Module Overview
This module treats prompting as an engineering discipline. It deconstructs prompt anatomy, surveys core and advanced techniques, and covers the testing and refinement loops that make prompts robust rather than brittle.
Learning Objectives
- Deconstruct a prompt into instruction, context, input, and output format.
- Apply zero-, one-, and few-shot prompting and system-prompt role assignment.
- Use chain-of-thought and step-back prompting and enforce structured output.
- Test prompt sensitivity, fragility, and robustness.

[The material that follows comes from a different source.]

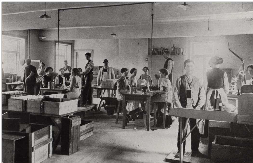
En relativ oppvurdering av mannlig arbeid og nedvurdering av kvinnelig arbeid medførte at mennene opplevde mer stolthet og mestring i arbeidet. Her fra innslageriet, hvor røyketobakken ble emballert.

arbeidsoppgavene var. Videre er det klare likheter i fortellemåtene innen hver kjønnsgruppe, uavhengig av bestemte arbeidsoppgaver: For eksempel forteller mannlige sjauere, rullere, forsprenkere og kjørere om at arbeidet var tungt og dermed vanskelig. Samtidig forteller kvinnelige oppløsere, dekksmakere og dekkсанleggere om sine arbeidsoppgaver uten å fremheve det utfordrende ved dem.

- Apply chaining, meta-prompting, and self-refinement loops.
Topics Covered
Prompt Anatomy & Basic Techniques
- Anatomy of a prompt (instruction, context, input, output format)
- Zero-shot, one-shot, and few-shot prompting
- System prompt design and role assignment
Advanced Reasoning & Structured Output
- Chain-of-thought and step-back prompting
- Output formatting and structured generation (JSON mode, XML tags)
Prompt Testing, Chaining & Self-Refinement
- Prompt sensitivity, fragility, and robustness testing
- Prompt chaining and decomposition strategies
- Meta-prompting and self-refinement loops
Key Concepts & Terminology
Few-shot exemplars, role/system prompt, chain-of-thought, step-back abstraction, structured generation, prompt robustness, decomposition, self-refinement.
Tools & Frameworks Referenced
Structured-output / JSON-mode interfaces; prompt-testing harnesses (covered in Module 24).
Prerequisites
Basic LLM application experience; complements Module 23 (context engineering).